IRS chief acknowledges audits of black taxpayers may be unfairly high
The IRS may be auditing Black taxpayers at significantly higher rates than non-Black taxpayers, according to IRS Commissioner Danny Werfel.
Werfel dedicates team to examine audit algorithms
In a letter to Senate Finance Committee Chairman Ron Wyden (D-Ore.), Werfel said that the IRS is "dedicating significant resources to quickly evaluating the extent to which IRS’s exam priorities and automated processes, and the data available to the IRS for use in exam selection, contribute to this disparity."
As I wrote in February, a comprehensive study conducted by economists from Stanford University, the University of Michigan, the University of Chicago, and the Treasury Department resulted in a detailed report that concluded the IRS is about three times more likely to audit Black taxpayers compared to other taxpayers.

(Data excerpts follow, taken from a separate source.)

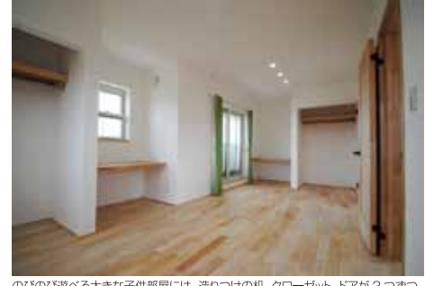
のびのび遊べる大きな子供部屋には、遊びの前後、クローゼット、ドアが2つずつ。将来は間仕切りを設けて2部屋としても使えます
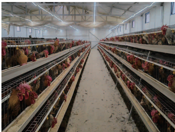
大岭村石拉录池社养鸡场

草作物的种植面积，试种藏红花等经济作物。在拱北湾村和周杨村易地搬迁点流转土地 80 亩，改造建设温室大棚 60 座，打造现代寒旱特色农业蔬菜基地，主要种植西红柿、黄瓜、番茄等蔬菜，平均年产值达 110 万元左右，销售方面主要通过订单销售、观光采摘、礼盒直销、电商带货等方式出售，可长期提供稳定就业岗位 20 人左右，临时用工 600 人次，为村集体经济分红 10 万元左右。种植脱毒马铃薯 3.2 万亩，玉米 6400 多亩，藜麦 2200 亩，紫花苜蓿 8000 亩；发放脱毒马铃薯种薯 106.275 吨，发放藜麦种子 2000 亩，结合撂荒地整治共计流转土地 6300 余亩，提质增效土地
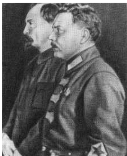
Ф. Э. Дзержинский и К. Е. Ворошилов у гроба Б. И. Ленина.
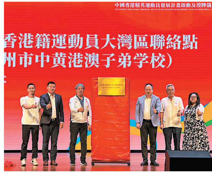
▲廣州市中黃港澳子弟學校獲授牌。

記者了解到，中國香港現代五項總會廣東訓練基地將為內地港生提供專業的訓練平台，學校現代五項培養計劃將針對劍擊、游泳、馬術、射擊和跑步5個項目進行專業的訓練，帶領學生參加廣東省內賽事、全國賽事乃至國際賽事。學生通過科學系統的訓練，能夠得到港協的認可，並有機會註冊成為香港運動員，最終朝着成為香港的精英運動員發展。
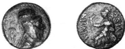
Fig. 4 Bronzo di Ariarathes VI (con tiara) (Coll. personale).
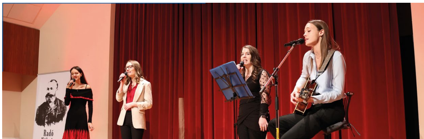
SEK Music Group műsora
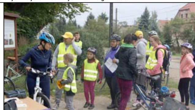
W każdej wymienionej miejscowości uczestnicy mieli okazję wykazać się wiedzą z zakresu pierwszej pomocy medycznej, zasad ruchu drogowego i historii gminy Żarów.
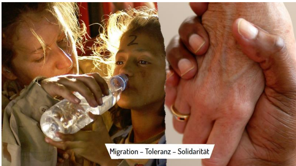
Bild 5: Migration, Toleranz, Solidarität steht als Schriftzug auf dem Bild. Links ist ein weinendes Mädchen zu sehen, das von einer Fluchthelfer:in beim Trinken aus einer Wasserflasche unterstützt wird. Rechts sind zwei sich umschließende Hände zu sehen. Eine Hand ist von einer BPOC (=Schwarzen Person), die andere ist von einer weißen Person.
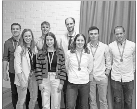
Ausgezeichnete Sportler*innen des ETF 2025.

Ein herzliches Dankeschön geht an das Café Wegere für die ausgezeichnete Verpflegung, an die Frauenriege fürs Schöpfen und den Abwasch sowie an den Vorstand, der wie jedes Jahr im Hintergrund viel Arbeit leistet und die Vereinsversammlung reibungslos über die Bühne brachte.
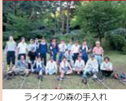
ライオンの森の手入れ
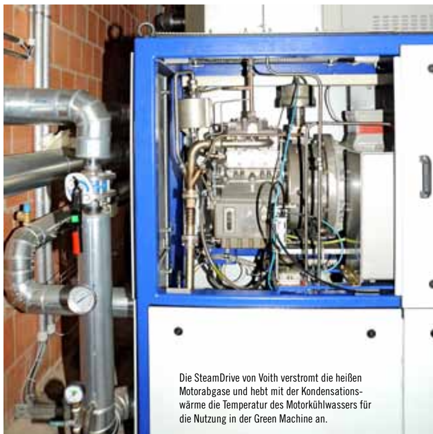
Die SteamDrive von Voith verstromt die heißen Motorabgase und hebt mit der Kondensationswärme die Temperatur des Motorkühlwassers für die Nutzung in der Green Machine an.

Fündig wurden sie beim US-amerikanischen Unternehmen ElectraTherm und beim deutschen Technologiekonzern Voith. Die 2005 gegründete Firma ElectraTherm in Reno (Nevada) ist auf die Nutzung von Abwärme ▶
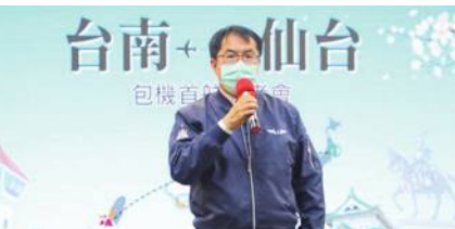
黄市長がチャーター便の記者会見に出席

結んだ。黄偉哲台南市長は「今回のチャーター便の運航が台湾の旅客にとって便利だけでなく、日本の旅客を台南に引きつけるきっかけにもなるよう」と期待を寄せた。なお、台湾は4月1日から5日まで清明節などを含む5連休となっている。
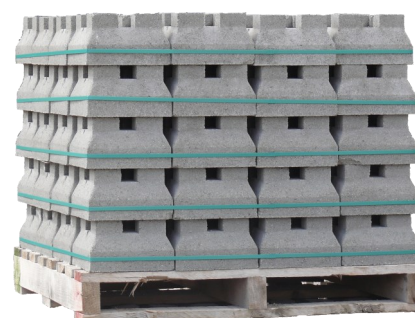
Palette de plots béton pour terrasses
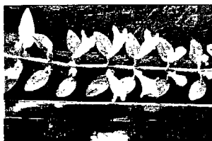
Hình 3. Hoa Thuần râu Việt Nam
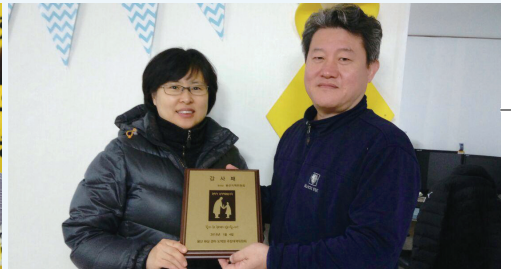
▲ 화상 경마장주방대책위로부터 감사패를 수상
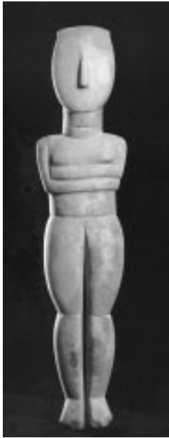
Planche 8. Figurine cycladique de femme, env. 2800-2300 av. J.-C.
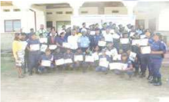
Formation des 45 Officiers Policiers de l'École de la Police de Bunia sur les droits humains, le VIH et le CDV
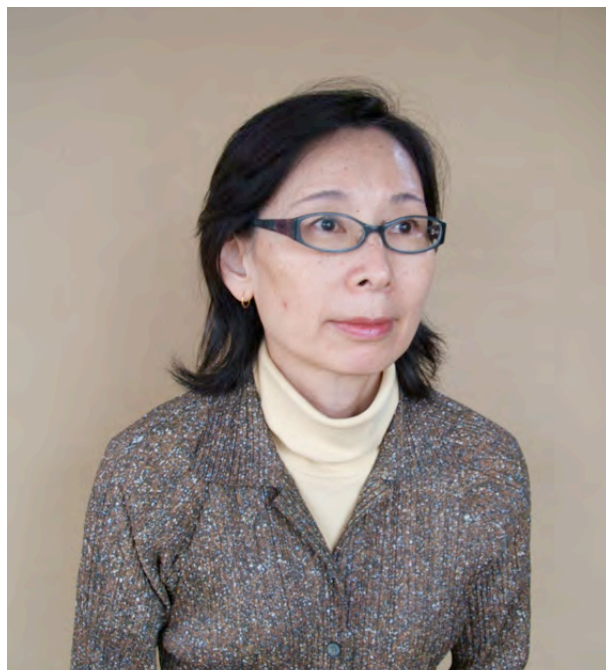
女子美術大学 産業デザイン科 工芸専攻 卒業
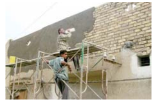
● اصراع على العمل في صيف لاهب
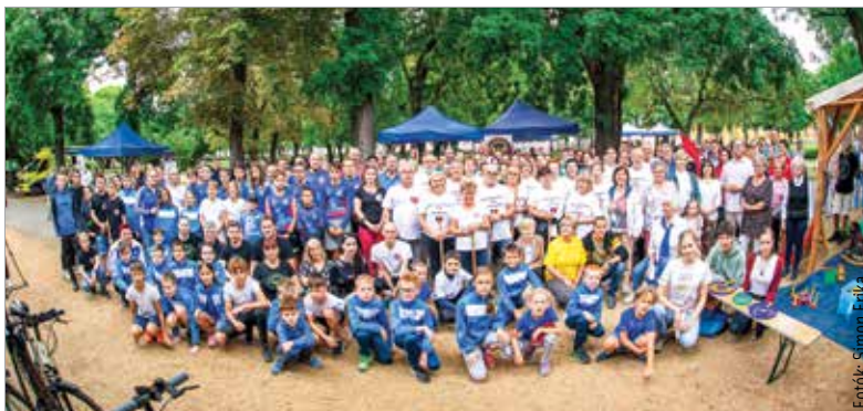
A hétfvégén több mint hetven civilszervezet mutatkozott be a Zichy ligetben, melyek többek között az egészségügy, a kultúra, a sport, a családügy, a nyugdíjasügyek és az állatvédelem területén tevékenykednek

Duplájára emelné az önkormányzat a karitatív és szociális civilszervezetek támogatását. A Cser-Palkovics András által jegyzett előterjesztés azt is tartalmazza, hogy több mint nyolcmillió forinttal segítse a város a fehérvári civilszervezetek működését – tájékoztatott Róth Péter alpolgármester: „Az elmúlt másfél év nehézségeiben partnerünk volt az önkormányzat, az intézmények és az önkormányzati cégek minden munkavállalója. Az ő fegyelmettségük teszi azt lehetővé, hogy a városi költségvetésben maradt mozgástér, és Székesfehérvár polgármestere pénteken a Közgyűlés elé azt a javaslatot tudja betervezni, hogy a karitatív és szociális civilszervezetek támogatását a duplájára emelje a város.”
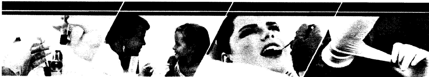
Табл. 37 (195, 196 и 197)
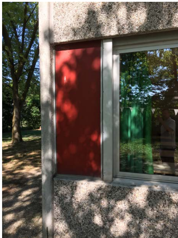
Particolare pannello che copre il pilastro (fronte est)
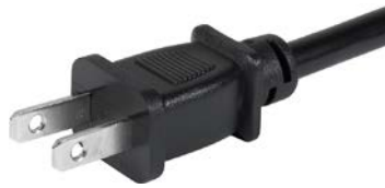
Netzstecker Nordamerika schwarz

The study states that "despite race-blind audit selection, Black taxpayers are audited at 2.9 to 4.7 times the rate of non-Black taxpayers."
It found the most likely causes of this racial disparity are IRS algorithms that disproportionately flag returns that claim refundable tax credits like the Earned Income Tax Credit (EITC).
The IRS doesn't collect information on the race or ethnic background of individual taxpayers, but researchers at Stanford were able to infer racial information using statistical methods involving name data and Census block groups.
The researchers found that it's not simply a matter of people who claim the EITC getting audited at higher rates that led to more Black people getting audited.
Black taxpayers claiming the EITC more likely to be audited
"The larger source of the disparity stems from the selection of taxpayers for audit within the population of EITC claimants: Black taxpayers claiming the EITC are between 2.9 and 4.4 times as likely to be audited as non-Black EITC claimants," the researchers wrote. "In contrast, we observe a much smaller, though still statistically significant, difference in audit rates between Black and non-Black taxpayers who do not claim the EITC."
Specific features of the IRS algorithm that select EITC tax returns for audit may be leading to racial discrimination, including targeting for mistakenly received credits and only selecting simple returns for audit. The EITC costs about $75 billion annually, according to the Joint Committee on Taxation.
IRS Strategic Operating Plan emphasizes data processing and analytics
Werfel's letter comes as the IRS is undergoing a large-scale refurbishment and systems modernization courtesy of an $80 billion funding boost provided last year by Congress.
The IRS is in the middle of hiring tens of thousands of new staff and is receiving an operational redesign that will centralize many aspects of its enforcement and collections protocols, potentially tweaking the systems that produce higher audit rates for Black taxpayers.
An operating plan put out by the agency in April emphasized the new role that data processing and analytics will play as the IRS seeks to diminish the amount of taxes the government fails to collect each year, a sum known as the “tax gap.”
The tax gap could be as large as $1 trillion, former IRS Commissioner Charles Rettig told Congress last year, though more comprehensive estimates put that number between $400 billion and $700 billion annually.
Werfel writes the IRS is committed to treating all taxpayers fairly
The IRS has not yet released any data on the racial makeup of taxpayers who have been audited since the Stanford study was released. However, the agency has said that it is committed to ensuring that all taxpayers are treated fairly.
"The IRS is committed to ensuring that all taxpayers are treated fairly and with respect," Werfel said in his letter to Wyden. "We will continue to work to identify and address any disparities in our enforcement activities."